No API breaks, no new classes used.
                
> JavaSerializer Does Not Call SerializableChecker
> ------------------------------------------------
>
>                 Key: WICKET-4264
>                 URL: https://issues.apache.org/jira/browse/WICKET-4264
>             Project: Wicket
>          Issue Type: Bug
>          Components: wicket
>    Affects Versions: 1.5.0, 1.5.1, 1.5.2, 1.5.3
>         Environment: Apache Maven 3.0.3 (r1075438; 2011-02-28 12:31:09-0500)
> Maven home: /usr/local/programs/current/maven
> Java version: 1.7.0_01, vendor: Oracle Corporation
> Java home: /usr/local/programs/jdk1.7.0_01/jre
> Default locale: en_US, platform encoding: UTF-8
> OS name: "linux", version: "2.6.35.14-103.fc14.x86_64", arch: "amd64", family: "unix"

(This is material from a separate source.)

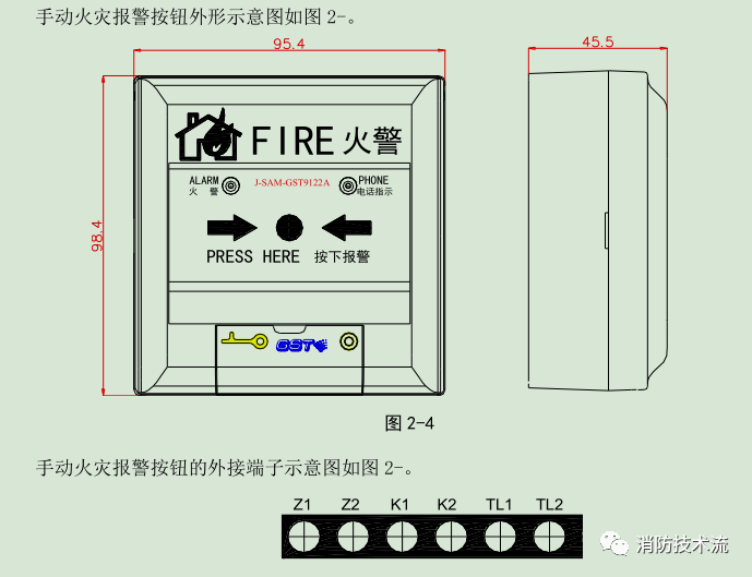 K1、K2:額定 DC30V/100mA 無源輸出端子,當(dāng)報(bào)警按鈕按下時(shí),輸出觸點(diǎn)閉合信號(hào),可直接控制外部設(shè)備。

>            Reporter: James Carman
>            Assignee: Martin Grigorov
>             Fix For: 1.5.4, 6.0.0
>
>         Attachments: WICKET-4264.patch
>
>
> In the new JavaSerializer class, it has a CheckerOutputStream which extends ObjectOutputStream.  The intent is to use the ObjectOutputStream.writeObjectOverride() support.  However, the writeObjectOverride() method is never called unless you use the no-arg constructor from the ObjectOutputStream class (which sets the "enableOverride" flag to true).  The CheckerOutputStream uses the ObjectOutputStream(OutputStream) constructor in its constructor.  Worse yet, even if the writeObjectOverride() method were to be  called, it would create a StackOverflowError because it's calling the super.writeObject() method which is what called it in the first place (infinite recursion).